Print, in exact form, the lines below from the one containing "Teczka z pełnoziarnistej" through the one containing "This glamourous, luxury, and", and omit all others.

* [EXTRACTED ENTRIES]
+ + + + + + +

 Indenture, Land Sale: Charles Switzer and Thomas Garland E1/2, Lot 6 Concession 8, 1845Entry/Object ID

+ + + + + + +

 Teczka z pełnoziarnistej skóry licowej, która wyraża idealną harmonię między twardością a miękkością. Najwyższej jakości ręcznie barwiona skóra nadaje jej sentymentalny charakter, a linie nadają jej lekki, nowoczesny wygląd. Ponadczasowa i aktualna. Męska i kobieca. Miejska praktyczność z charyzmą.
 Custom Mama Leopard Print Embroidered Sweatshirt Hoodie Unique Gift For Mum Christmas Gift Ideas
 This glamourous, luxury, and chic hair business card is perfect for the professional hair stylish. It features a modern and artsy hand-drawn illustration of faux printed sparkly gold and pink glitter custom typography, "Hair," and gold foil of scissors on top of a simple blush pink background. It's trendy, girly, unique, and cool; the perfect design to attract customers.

+ + + + + + +

* [SOLUTION]
 Teczka z pełnoziarnistej skóry licowej, która wyraża idealną harmonię między twardością a miękkością. Najwyższej jakości ręcznie barwiona skóra nadaje jej sentymentalny charakter, a linie nadają jej lekki, nowoczesny wygląd. Ponadczasowa i aktualna. Męska i kobieca. Miejska praktyczność z charyzmą.
 Custom Mama Leopard Print Embroidered Sweatshirt Hoodie Unique Gift For Mum Christmas Gift Ideas
 This glamourous, luxury, and chic hair business card is perfect for the professional hair stylish. It features a modern and artsy hand-drawn illustration of faux printed sparkly gold and pink glitter custom typography, "Hair," and gold foil of scissors on top of a simple blush pink background. It's trendy, girly, unique, and cool; the perfect design to attract customers.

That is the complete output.